Matteo was not aware of it but what he had developed would become known as the ‘Framework of Champions©’.
Matteo’s simple process has also been used in many businesses like Google, Blackrock and SAP as a way to help their people to be their best. And those employees and their organisations are celebrating the results. And those businesses have had such great success that they are now helping to improve their supply chains and win greater customer successes by helping the employees of their customers and suppliers to be their best.
Many successful businesses have found that people want to be their best selves, so they can do their best work. And those businesses are using processes like the Framework of Champions© to help their people achieve incredible personal, customer and business success. As a result, more people in their organisations are their best selves, able to do their best work, enjoying a better employee experience and a great place to work.
For example, SAP, the German software and cloud giant has boasted a 200% return on investment, and a rise in employee engagement and a fall in absenteeism. Employee stress, well-being and “change agility” improved by about 10% in just four weeks. All this from just one simple opportunity.

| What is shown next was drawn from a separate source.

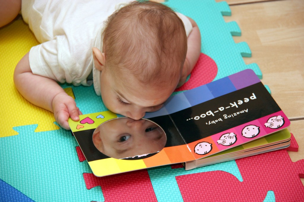 Prima lui carte preferată, care din păcate nu se mai găsește, a fost o carte în engleză, Peek-a-Boo Baby (seria Amazing Baby) de Emma Dodd. Eu am cumpărat-o de la un târg de carte și a fost prima care l-a atras cu adevărat când avea vreo 7-8 luni și pe care a „studiat-o” îndelung. O carte cartonată, cu clapete și oglindă la final, despre senzațiile bebelușilor, despre care am scris pe larg aici.

BlackRock claims that helping people to be their best selves, just through one simple opportunity produced the following:
91% believe it positively adds to the culture
88% would recommend it to a colleague
66% experience less stress or are better able to manage stress
63% are better able to manage themselves at work
60% experienced increased focus, mental resilience, and better decision-making
52% better manage relationships with peers at work
46% experience increased innovation and creativity
Korn Ferry found that businesses that embraced another simple opportunity enjoyed annual growth rates nearly 300% higher than the annual rate in their competitive sector. 300%!
The Framework of Champions© is a simple process. Its value lies in that it is:
1. Easy to use
2. Easy to replicate
3. Ensures that important capabilities are nurtured and sustained in house
7. Is low cost, with a high return on investment
The Framework of Champions©:
1. Opportunity Discovery
The organisation discovers Opportunities to help employees be their best.
When an Opportunity is discovered it is time to help the organisation’s leadership understand how the Opportunity will help employees be their best, so they can do their best work. Leadership should understand how this Opportunity will lead to significantly improved employee and business success, an improved ability to attract and retain quality employees and a workplace where everyone will thrive.
2. Champion Discovery
The organisation discovers a person to Champion the Opportunity to be a better self to others employees. It may be that an employee discovers an opportunity, has the required skills and volunteers to be the Champion. The organisation needs to have a system or culture, or both, that encourages people to put forward Opportunities and to volunteer to be Champions.
3. Champion Development
The Champion should set out the purpose and expected changes as a result of the Opportunity and have this agreed by the leaders of the organisation.
The Champion should set out the support, skills and training required for success. This will include how much time the Champion needs to dedicate to the Opportunity.
The Champion should create a program that meets the organisation’s specific needs and fits the organisation’s culture.
4. Let your Champion Go
Give the Champion the freedom to get on with the job. Autonomy is important for the Champion. Feedback is important for the organisation.
Test the opportunity with a small group of people and scale as required.
5. Refresh the Fascination
Constantly find and tell the stories that will fascinate others and keep the opportunity alive and growing. Gather and share research that demonstrates how the Opportunity can help people to be their best, so they can do their best work. Measure improvements in the employee experience, culture, productivity, quality, customer success and other valuable markers. Although the Champion plays a crucial role in sharing the details of the Opportunity’s success it is vital that the organisation’s leadership tells stories and encourages uptake of the benefits of the Opportunity.